The ease with which crops can be grown with chemicals has made the correct utilization of wastes much more difficult. If a cheap substitute for humus exists why not use it? The answer is twofold. In the first place, chemicals can never be a substitute for humus because Nature has ordained that the soil must live and the mycorrhizal association must be an essential link in plant nutrition. In the second place, the use of such a substitute cannot be cheap because soil fertility--one of the most important assets of any country--is lost; because artificial plants, artificial animals, and artificial men are unhealthy and can only be protected from the parasites, whose duty it is to remove them, by means of poison sprays, vaccines and serums and an expensive system of patent medicines, panel doctors, hospitals, and so forth. When the finance of crop production is considered together with that of the various social services which are needed to repair the consequences of an unsound agriculture, and when it is borne in mind that our greatest possession is a healthy, virile population, the cheapness of artificial manures disappears altogether. In the years to come chemical manures will be considered as one of the greatest follies of the industrial epoch.
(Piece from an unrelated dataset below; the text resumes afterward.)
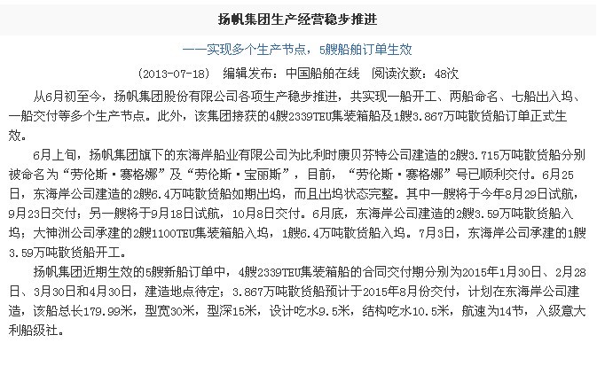 中國船舶在線:揚帆集團生產(chǎn)經(jīng)營穩(wěn)步推進
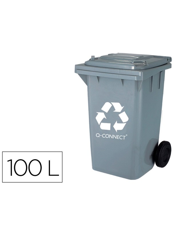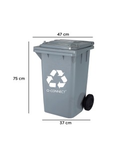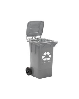 Papelera contenedor q-connect plastico gris para desechos en general 100 l con tapa y ruedas 750x470x370 mm

The teachings of the agricultural economists of this period will be dismissed as superficial.
 
In the next section of this book the methods by which the agriculture of the West can be reformed and balanced and the use of artificial manures given up will be discussed.
 
 
 
BIBLIOGRAPHY
 
CLARKE, G. 'Some Aspects of Soil Improvement in relation to Crop Production' Proc. of the Seventeenth Indian Science Congress, Asiatic Society of Bengal, Calcutta, 1930, p. 23
 
HALL, SIR A. DANIEL. The Improvement of Native Agriculture in relation to Population and Public Health, Oxford University Press, 1936.
 
HOWARD, A., and WAD, Y. D. The Waste Products of Agriculture: Their Utilization as Humus, Oxford University Press, 1931
 
MANN, H. H., JOSHI, N. V., and KANITICAR, N. V. 'The Rab System of Rice Cultivation in Western India', Mem. of the Dept. of Agriculture in India (Chemical Series), ii 1912, p. 141.
 
Manures and Manuring, Bulletin 36 of the Ministry of Agriculture and Fisheries, H.M. Stationery Office, 1937.